Go to the line with "Pour que le" in the records below, then output it and each following line exactly, up to and including the line with "For each race, the". Skip pictures and add nothing.

Raw data below:

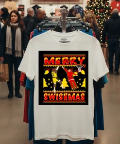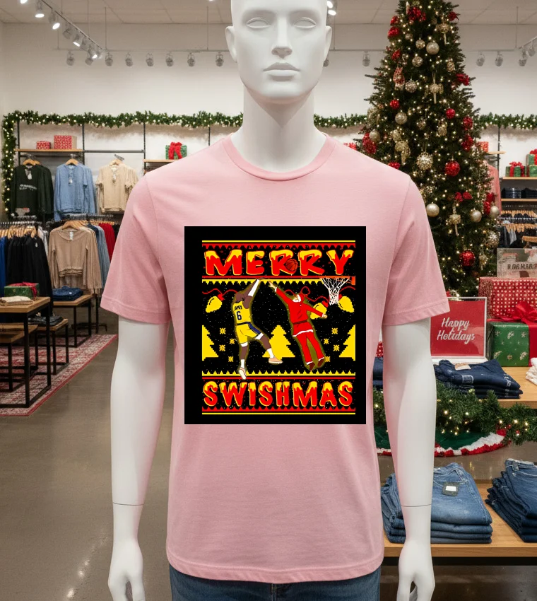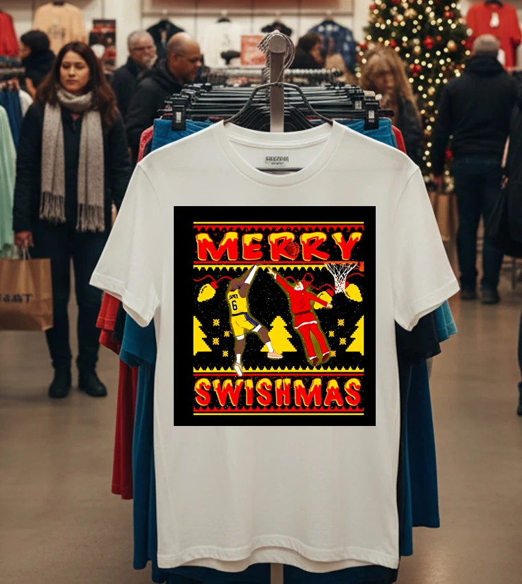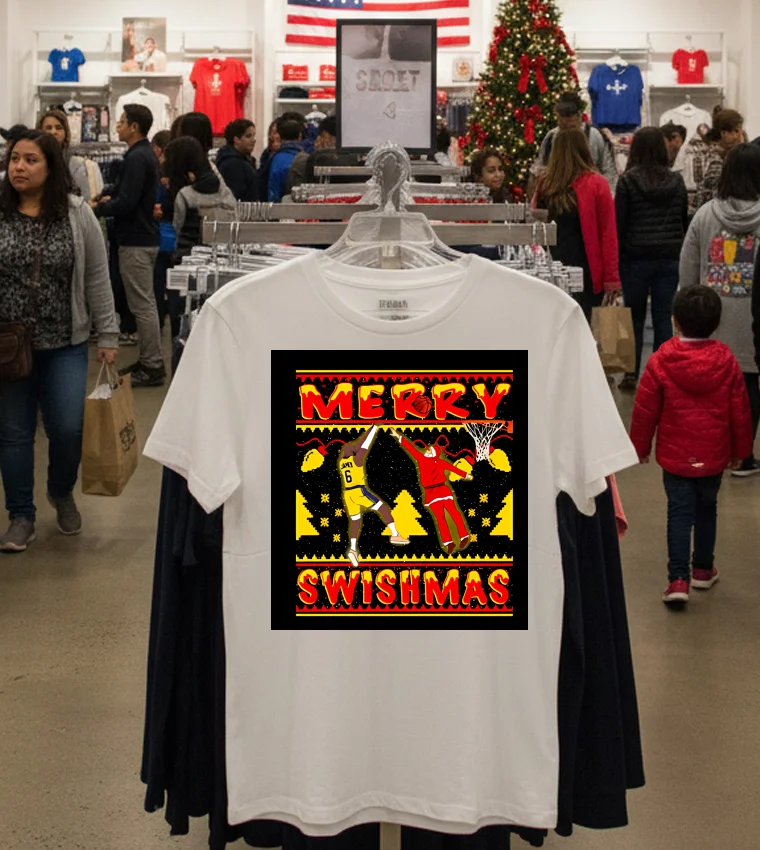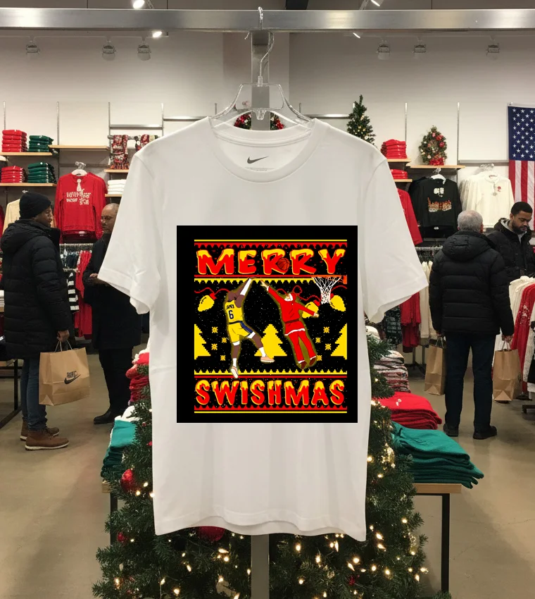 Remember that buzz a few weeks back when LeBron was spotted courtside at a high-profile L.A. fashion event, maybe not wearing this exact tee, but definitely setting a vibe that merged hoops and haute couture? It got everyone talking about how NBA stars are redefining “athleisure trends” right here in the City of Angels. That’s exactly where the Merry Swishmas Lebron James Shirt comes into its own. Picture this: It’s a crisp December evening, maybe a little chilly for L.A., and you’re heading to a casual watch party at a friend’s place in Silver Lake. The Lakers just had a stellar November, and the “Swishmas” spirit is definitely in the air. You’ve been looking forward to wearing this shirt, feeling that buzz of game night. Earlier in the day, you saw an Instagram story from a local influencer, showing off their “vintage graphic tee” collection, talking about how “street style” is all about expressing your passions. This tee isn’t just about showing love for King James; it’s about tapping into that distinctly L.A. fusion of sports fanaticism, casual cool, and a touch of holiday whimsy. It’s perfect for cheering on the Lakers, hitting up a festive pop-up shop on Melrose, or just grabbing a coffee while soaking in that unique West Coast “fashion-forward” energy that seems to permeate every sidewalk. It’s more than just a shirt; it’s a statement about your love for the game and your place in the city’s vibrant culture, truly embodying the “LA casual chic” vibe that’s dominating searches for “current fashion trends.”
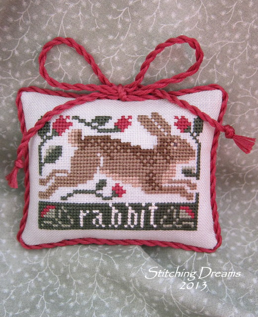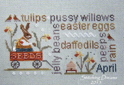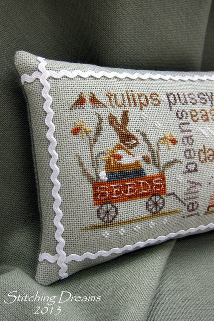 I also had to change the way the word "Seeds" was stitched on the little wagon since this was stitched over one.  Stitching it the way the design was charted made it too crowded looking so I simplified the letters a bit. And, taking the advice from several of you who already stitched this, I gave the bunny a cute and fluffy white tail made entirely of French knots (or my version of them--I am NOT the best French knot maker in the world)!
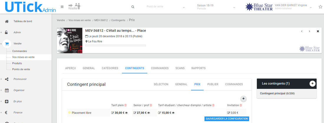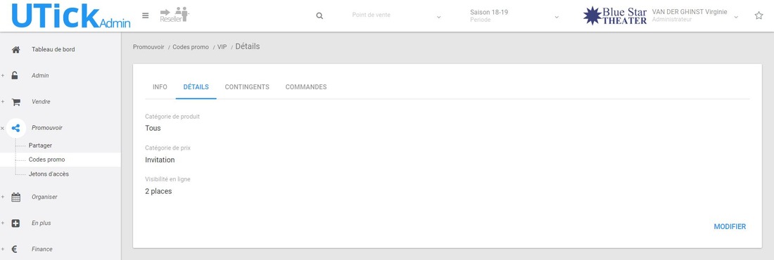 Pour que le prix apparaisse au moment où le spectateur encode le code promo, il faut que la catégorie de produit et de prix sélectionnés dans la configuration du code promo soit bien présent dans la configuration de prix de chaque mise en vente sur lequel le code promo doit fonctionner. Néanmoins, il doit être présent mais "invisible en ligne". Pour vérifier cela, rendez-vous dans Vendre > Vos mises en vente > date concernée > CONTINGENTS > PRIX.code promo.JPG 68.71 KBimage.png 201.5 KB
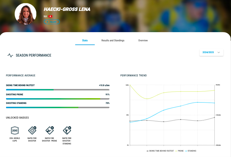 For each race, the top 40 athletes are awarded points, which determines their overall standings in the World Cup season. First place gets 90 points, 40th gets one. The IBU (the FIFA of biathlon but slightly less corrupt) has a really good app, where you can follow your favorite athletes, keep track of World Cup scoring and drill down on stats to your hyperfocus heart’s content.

End of Raw data.
Raw data below:

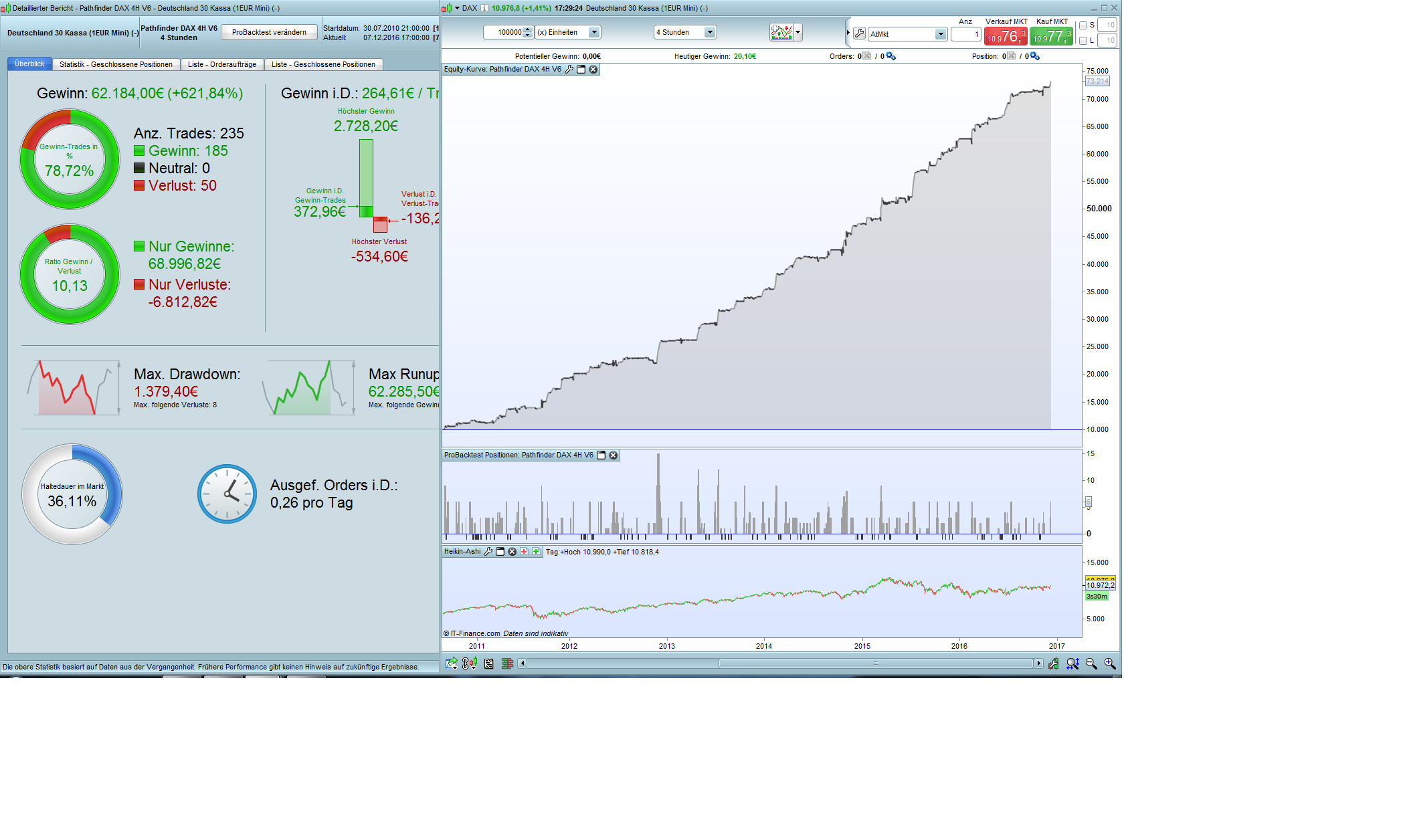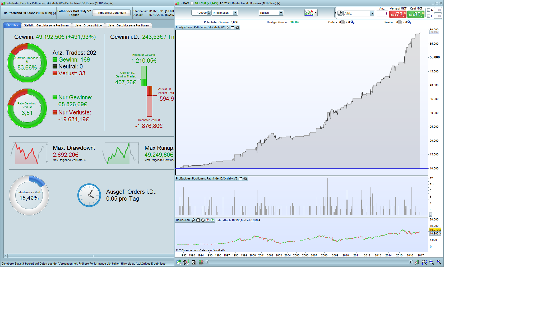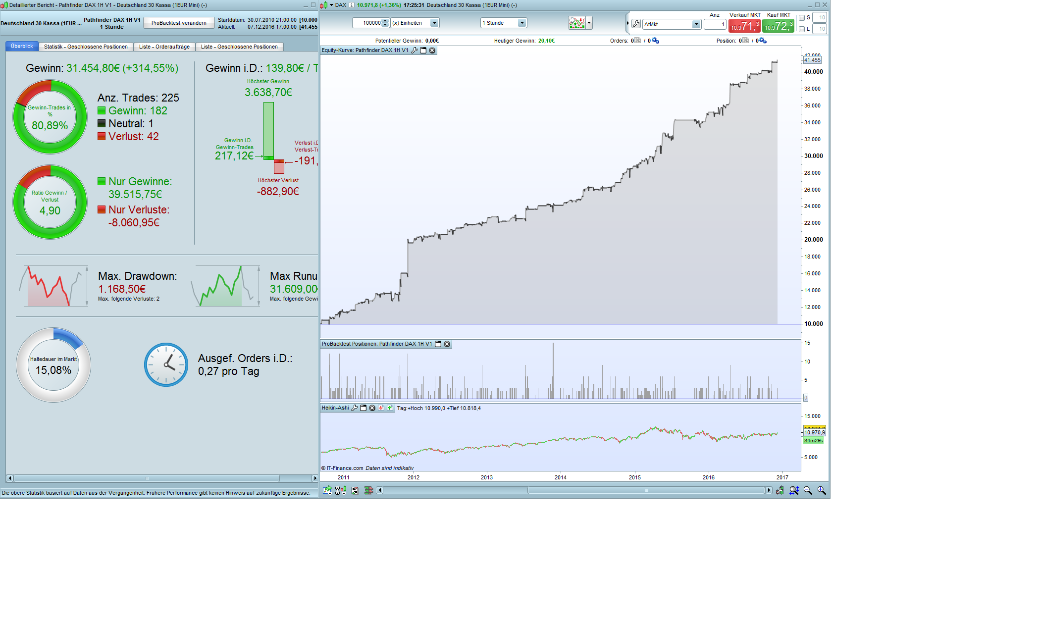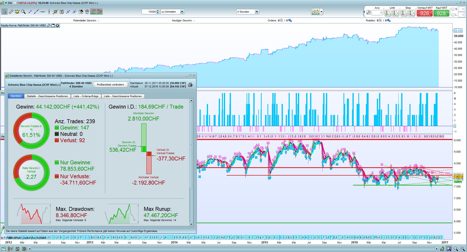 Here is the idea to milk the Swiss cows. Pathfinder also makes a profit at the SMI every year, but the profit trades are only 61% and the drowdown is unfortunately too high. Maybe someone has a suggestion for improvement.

End of Raw data.
Raw data below:

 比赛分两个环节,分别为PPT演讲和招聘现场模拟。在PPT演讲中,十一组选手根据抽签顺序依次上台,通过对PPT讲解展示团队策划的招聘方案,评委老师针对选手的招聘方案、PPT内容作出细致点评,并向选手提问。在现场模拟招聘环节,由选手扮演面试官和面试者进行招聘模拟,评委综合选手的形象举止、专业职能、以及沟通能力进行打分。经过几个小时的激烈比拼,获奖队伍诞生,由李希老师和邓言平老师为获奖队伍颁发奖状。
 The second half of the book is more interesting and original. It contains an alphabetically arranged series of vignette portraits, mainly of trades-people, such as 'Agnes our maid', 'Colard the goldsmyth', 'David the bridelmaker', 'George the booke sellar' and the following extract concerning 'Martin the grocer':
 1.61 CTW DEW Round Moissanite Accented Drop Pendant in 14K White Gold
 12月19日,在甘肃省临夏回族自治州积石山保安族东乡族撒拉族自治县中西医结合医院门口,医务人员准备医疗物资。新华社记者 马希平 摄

End of Raw data.

**Output below:**
 Pour que le prix apparaisse au moment où le spectateur encode le code promo, il faut que la catégorie de produit et de prix sélectionnés dans la configuration du code promo soit bien présent dans la configuration de prix de chaque mise en vente sur lequel le code promo doit fonctionner. Néanmoins, il doit être présent mais "invisible en ligne". Pour vérifier cela, rendez-vous dans Vendre > Vos mises en vente > date concernée > CONTINGENTS > PRIX.code promo.JPG 68.71 KBimage.png 201.5 KB
 For each race, the top 40 athletes are awarded points, which determines their overall standings in the World Cup season. First place gets 90 points, 40th gets one. The IBU (the FIFA of biathlon but slightly less corrupt) has a really good app, where you can follow your favorite athletes, keep track of World Cup scoring and drill down on stats to your hyperfocus heart’s content.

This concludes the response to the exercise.